Could tomato (or lycopene) prevent prostate cancer?
The intake of cooked tomatoes, and the lycopene they contain, is associated with decreased risk of prostate cancer in several major epidemiological studies.
Rodents - In a fist animal model of prostate cancer, Imaida et al (2001) found no significant protection afforded by 15 to 45 ppm lycopene in dimethylaminobiphenol induced rats. However, a close look at their data shows that lycopene-fed rats had three-times less carcinoma than controls, in two independent studies (1/18 and 2/19 incidences vs. 8/23 in first study; 3/17 and 2/16 vs. 8/23 in second study). These data are consistent with a protection.
Boileau et al (2003) showed that freeze-dried tomato powder clearly protected the methylnitrosourea-testosterone-treated rats: the hazard ratio was 0.74 with 95%CI = 0.59 to 0.93. In contrast, 161 ppm lycopene had no effect (N.S. 9% decrease in mortality). The methylnitrosourea-testosterone treatment induces carcinoma in the dorsolateral and anterior prostate, which may be closer to human cancer than the ventral location induced by dimethylaminobiphenol. Further analysis of these data shows that tomato powder and pure lycopene significantly decreased the hazard risk for prostate cancer death by 56% and 44% respectively, after 45 wk (both p<0.05).>
Humans - No definitive clinical trial was done in humans yet. However, at least three small scale intervention studies were conducted in volunteers. Together, they give convincing evidence that tomato sauce, or lycopene, shrinks prostate cancer in humans.
H-1- The proportion of apoptotic cells increased three-fold in the prostate carcinoma of 32 patients given tomato sauce for 3 weeks (30 mg lycopene/d), compared with pre-treatment value (Kim, N&C 2003). However, the difference with control patients not given tomato did not reach significance. The same study shows that tomato sauce significantly reduced the level of serum prostate-specific antigen (PSA), and the level DNA oxidative damage in the prostate (Chen JNCI 2001; Bowen, EBM 2002).

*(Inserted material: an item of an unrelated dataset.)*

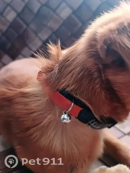Собака рыжая, с двумя ошейниками, на одном ошейнике колокольчик

H-2- Fifteen prostate cancer patients given tomato oleoresin extract (30 mg lycopene/d) for 3 weeks had smaller tumors (80% vs. 45% less than 4 ml), and lower level of invasion of both prostatic and extra-prostatic tissues, compared with subjects in the control group (N=11). In addition, the intervention reduced PSA levels (Kucuk, CEBP 2001).
H-3- The third study involved 54 prostate cancer patients for two years. They all underwent orchidectomy, and half of them were given 4 mg lycopene/d via two capsules. Each LycoredTM capsule contains: lycopene 2mg, vitamin A palmitate 2500 I.U., alpha-tocopheryl acetate 10 I.U, vitamin C 50 I.U, zinc sulphate monohydrate 27.45 mg, monohydrated selenium dioxide 70 µg (Dr R.N. Gupta, personal communication). Several tumor markers, including PSA levels, uroflowmetry and bone scans were significantly improved in the lycopene group. Strikingly, 12 patients died in the control group, but seven only in the lycopene group (p<0.001)>
Conclusion on lycopene and prostate- These studies support the hypothesis that tomato reduces the risk of prostate cancer. No direct evidence is given that lycopene alone has chemopreventive properties. One rat study points out that whole tomato is protective, but not pure lycopene. Human studies were done with tomato sauce or extracts, or lycopene mixed with other antioxidant molecules. Animal and human studies fit together, but they were done simultaneously: In this ongoing success story, rodents studies were not "predictive", since rats results were not known before humans trial were set up.